Director: Noriko Sekiguchi
Senso Daughters begins as an account of Japan's "forgotten", or Great Asian War and slowly evolves towards its real theme - the hidden history of women in war. Faced with official secrecy and denial, filmmaker Noriko Sekiguchi probes and gradually uncovers the story of "comfort women" - prostitutes conscripted by the Japanese army to accompany occupation forces in the Pacific. Since no official records exist, she constructs the story through ex-soldiers and Islanders. Justified as a necessary evil to protect the army nurses and local women, this version is contradicted by women whose accounts of rape by Japanese and Australian soldiers are borne out in their mixed-race offspring. As Sekiguchi's film implies, a complete account of the unnamed women who were shipped as "military commodities" will never be known.

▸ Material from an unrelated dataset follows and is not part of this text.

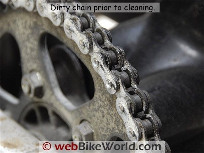 Cleaning a motorcycle chain is a dirty job, but somebody has to do it!

Sekiguchi became interested in the subject when she came to Australia as a student. She was astonished to learn, through celebrations of Australian involvement in WWII, of the Japanese war effort, and began to reflect on why there had been an obliteration of this history from Japanese texts. In Australia the soldiers who survived the war are heroes and public figures, while the Japanese soldiers have had to repress their collective memories. She links her return to Japan with the funeral celebrations of Emperor Hirohito, and thus this documentary weaves both a personal essay-style reflection and the more conventional pursuit of facts.